Can Digital Twins Improve Patient Care?
The technology, which has been successfully used in other industries, is slowly emerging as an innovative way to “clone” organ systems and genomic data to personalize patient care.
By John Halamka, M.D., president, Mayo Clinic Platform, and Paul Cerrato, senior research analyst and communications specialist, Mayo Clinic Platform
If you’re a science fiction fan, the term digital twin might conjure up images of humans in incubators being cloned like in the movie Matrix. But the reality is far more intriguing. In plain English, a digital twin “is a virtual model designed to accurately reflect a physical object.” A digital twin of a wind turbine, for example, would receive data from a turbine’s sensors that measure energy output, temperature, and other parameters. The digital twin would then run simulations and suggest ways to improve the performance of the physical turbine. Several health care innovators are starting to apply this technology as well.
Cardiology and critical care medicine are at the forefront in this cutting-edge area of digital medicine. Amongst patients with arrhythmias, for instance, a digital blueprint can provide insights into the cause of mechanical discoordination within the heart and improve cardiac resynchronization therapy (CRT). In patients with prolonged QRS duration, CRT can be quite effective, but among those with intermediate ECG readings, the right course of action is less certain. Digital twin technology combines statistical methods with mechanistic modeling to bridge this gap. Similarly, investigators have found that “the combination of cardiovascular imaging and computational fluid dynamics enables non-invasive characterizations of flow fields
and the calculation of diagnostic metrics in the domains of coronary artery disease, aortic aneurysm, aortic dissection, valve prostheses, and stent design.”
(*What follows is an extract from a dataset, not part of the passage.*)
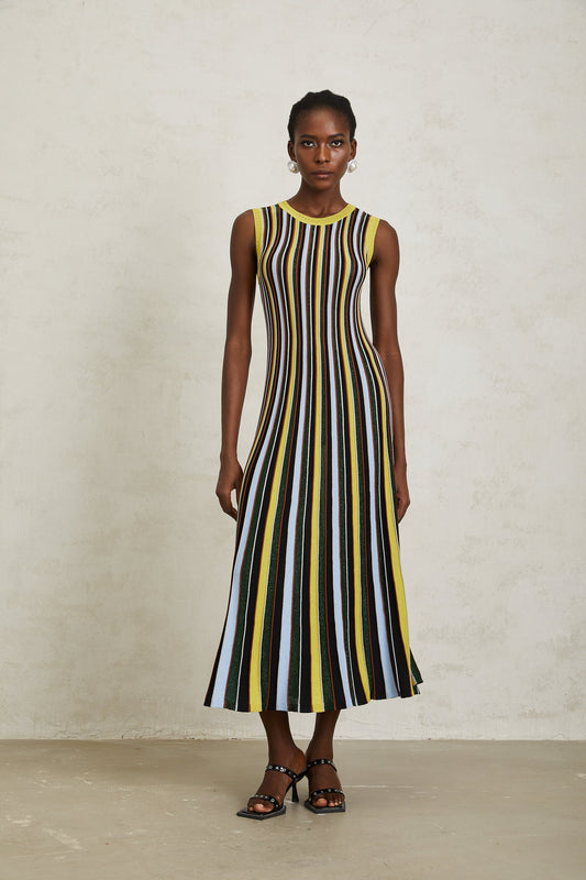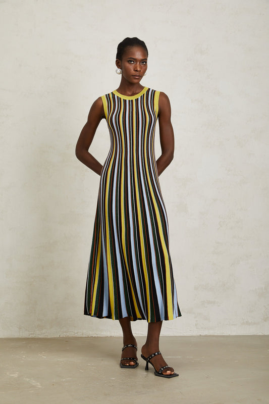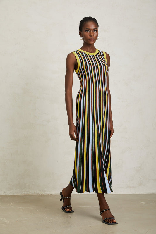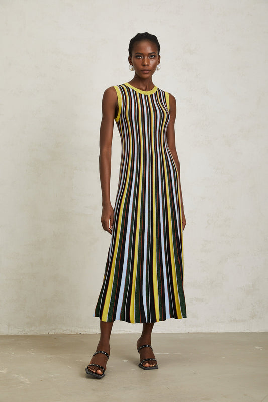 Clémence Yellow Vertical Striped Knit Midi Dress

Researchers are also exploring the value of digital twins to improve mechanical ventilation in the ICU. An international team from China, New Zealand, Germany, the Netherlands and Belgium have created a computer model to capture several pulmonary readings from individual patients’ ventilator data. The data are used to construct a virtual patient that is “fully automated using the hysteresis loop analysis method to identify lung elastances from clinical data.” Zhou et al explain the need for this approach by pointing out that, while positive end expiratory pressure (PEEP) helps keep patients’ alveoli open and improves oxygenation in ICU patients, finding the best PEEP settings varies from patient to patient. With that uncertainty in mind, they postulated that: “An accurate, predictive virtual patient or digital clone based on a mechanical model of patient-specific lung mechanics would augment clinical data, provide a more comprehensive picture of patient-specific state, and predict response to care.” While a detailed explanation of the technology would take us too far afield, the end result of their digital twin experiment suggests it has clinical potential. When they tested it on up to 18 patients, they found it accurately predicted patients’ lung response to changes in PEEP.
Digital twin modeling is also being used to represent individual patients’ genome, which may help clinicians link their genetic variants to specific disease risks. Leap of Faith Technologies* explains that the technology can serve as “a platform and interface for accessing genomic data relevant to the personal health record. The interface includes a map of the person’s genome and identified gene variants that may be relevant to diagnosed medical problems/conditions mapped to body systems, value sets, and clinical code sets over time.”
Digital twin technology has also been an active area of research at Mayo Clinic for many years. Ognjen Gajic, M.D. and his colleagues have been investigating the potential role of a digital twin patient model to predict how well patients respond to treatment during the first 24 hours of sepsis. Their research: “confirmed the feasibility of development and prospective testing of causal artificial intelligence model to predict the response to treatment in early stages of critical illness. The availability of qualitative and quantitative data and a relatively short turnaround time makes the ICU an ideal environment for development and testing of digital twin patient models.”
Digital twins may not be quite ready for routine application in clinical practice, but the research strongly suggests it will eventually emerge as another useful tool in the AI/machine learning arsenal.
*The mention of Leap of Faith Technology should not be interpreted as an endorsement by Mayo Clinic.